# About this exercise
Below are entries; repeat exactly, and nothing else, the lines from the one holding "Platz 8 und" through the one holding "後部に大型表示板を装備した車両です。表示板は、1メートル上昇します。", inclusive. Leave the pictures out.

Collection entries

-- -- --

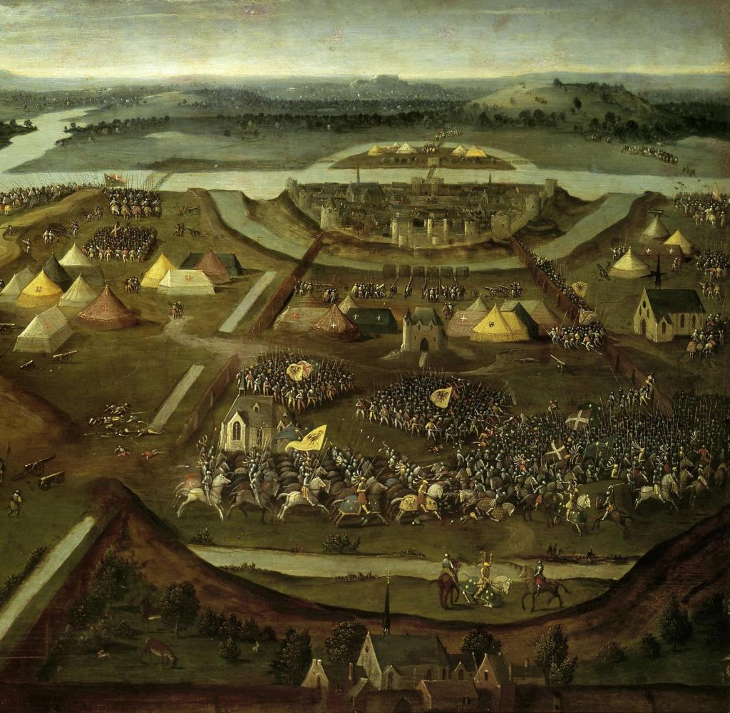 La mañana del lunes día 6 supuso otro golpe de suerte para los imperiales, pues el Tíber amaneció cubierto por una espesa niebla, lo que dificultaba la visibilidad a las defensas papales. Los escopeteros estaban situados sobre los muros del castillo de Sant’ Angelo al mando de Benvenuto Cellini, el célebre escultor, que sería uno de los protagonistas indiscutibles del histórico episodio.
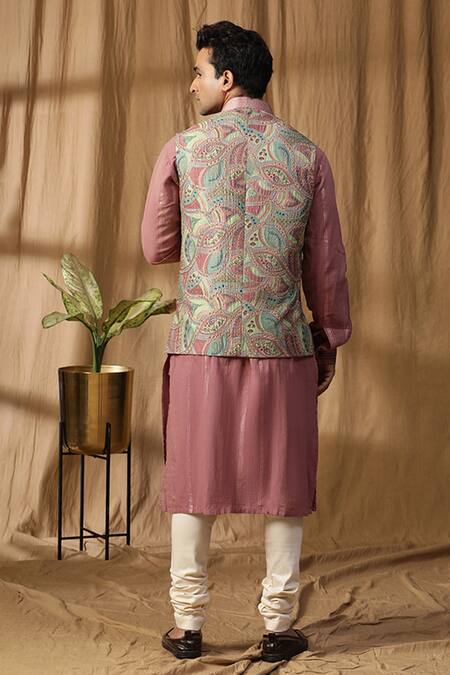 Pink Silk Embroidered Thread Asymmetric Bundi Kurta Set
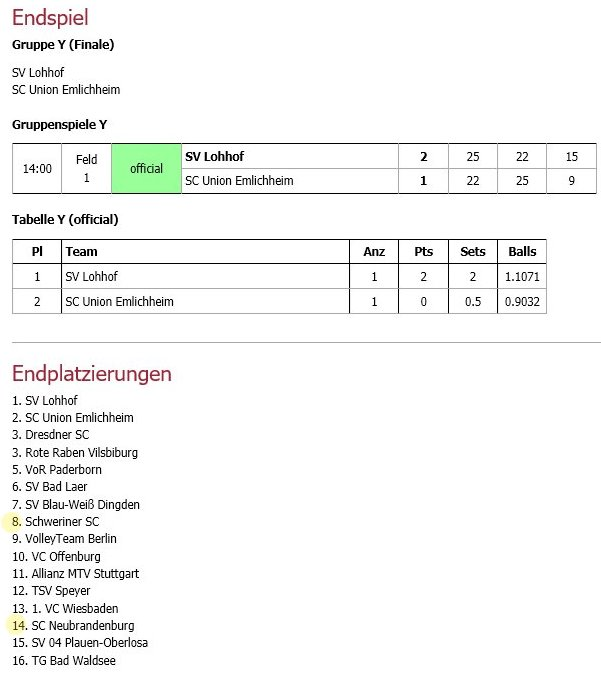 Platz 8 und 14 lauten die Ergebnisse unserer Teilnehmerteams bei den Deutschen Meisterschaften der U18 weiblich in Biberach (BaWü). Deutsche Meisterinnen wurden Mädels vom SV Lohhof welche sich im Finale mit 2:1 gegen die Mädels vom SC Union Emlichheim durchsetzten. Wir sagen allen Teilnehmerinnen Herzlichen Glückwunsch!!!
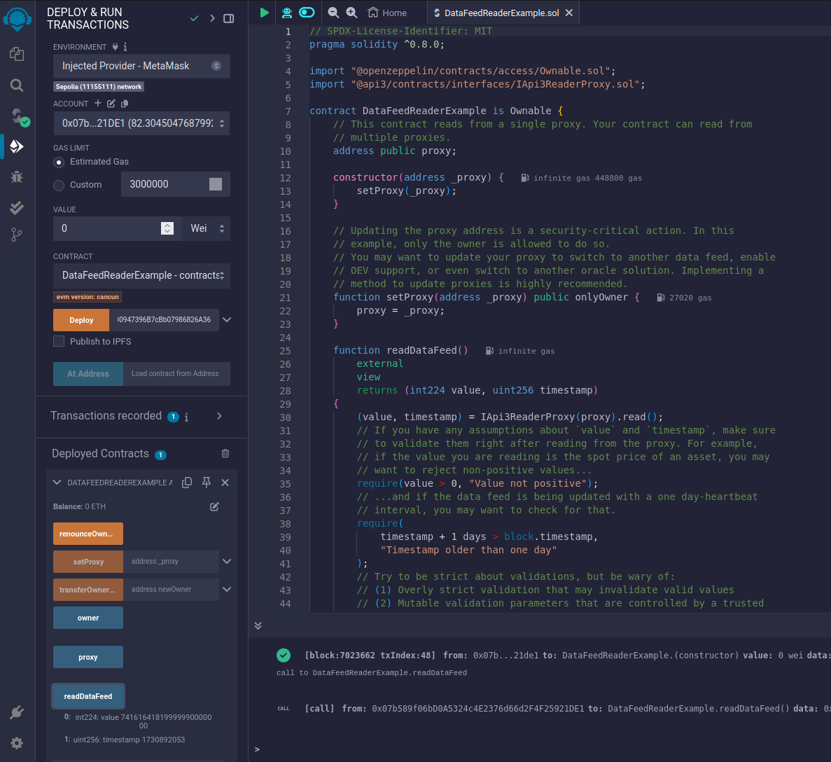 After the transaction is confirmed, you can call the publicly accessible functions of DataFeedReaderExample. Under "Deployed Contracts", expand 'DATAFEEDREADEREXAMPLE AT ...', then click "readDataFeed". You'll see the values that DataFeedReaderExample reads from Api3ReaderProxyV1.
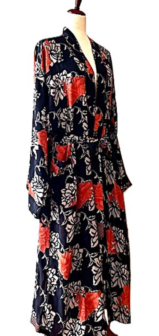 Long Silk Kimono Duster, Dramatic Red Floral Against A Black Background
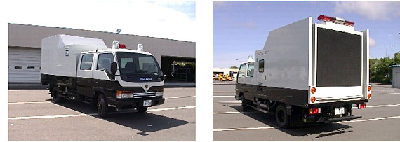 後部に大型表示板を装備した車両です。表示板は、1メートル上昇します。
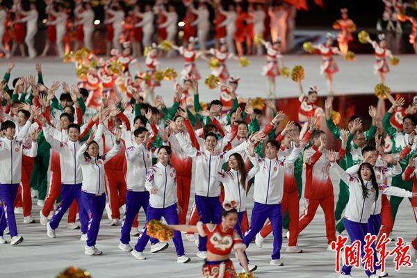 This year's National Games is jointly hosted by Guangdong, Hong Kong and Macao. During the entrance ceremony, the sports delegations from Guangdong, Hong Kong, and Macao marched into the stadium together. Their joint entrance, walking side-by-side, became one of the most moving scenes of the entire opening ceremony.(Photo by Li Junhui/China Youth Daily)
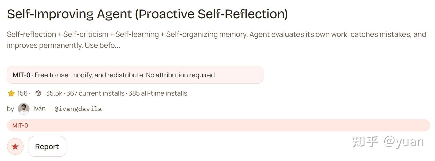 围绕这一点,本文选取了 ClawHub 上由 Iván Davila 提供的技能 Self-Improving Agent(Proactive Self-Reflection) 作为案例。在 ClawHub 与 LLMBase 的介绍里,这个技能的下载量已经稳定排在前列(可参考 ClawHub 技能页 与 LLMBase 介绍)。
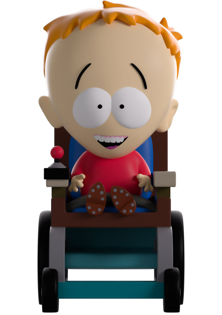 Timmy’s screeched his way into Youtooz in impeccable style for his debut! Always cheerful and absolutely beaming with happiness as he sits strapped into the seat of his electric wheelchair at 5.3 inches tall, his open smile reveals a row of teeth while short orange hair covers the top of his head and he wears a bright red shirt as his brown shoes kick forward. The exterior of his packaging sees him tucked tightly into bed snoozing away.

-- -- --

# The completed task
 Platz 8 und 14 lauten die Ergebnisse unserer Teilnehmerteams bei den Deutschen Meisterschaften der U18 weiblich in Biberach (BaWü). Deutsche Meisterinnen wurden Mädels vom SV Lohhof welche sich im Finale mit 2:1 gegen die Mädels vom SC Union Emlichheim durchsetzten. Wir sagen allen Teilnehmerinnen Herzlichen Glückwunsch!!!
 After the transaction is confirmed, you can call the publicly accessible functions of DataFeedReaderExample. Under "Deployed Contracts", expand 'DATAFEEDREADEREXAMPLE AT ...', then click "readDataFeed". You'll see the values that DataFeedReaderExample reads from Api3ReaderProxyV1.
 Long Silk Kimono Duster, Dramatic Red Floral Against A Black Background
 後部に大型表示板を装備した車両です。表示板は、1メートル上昇します。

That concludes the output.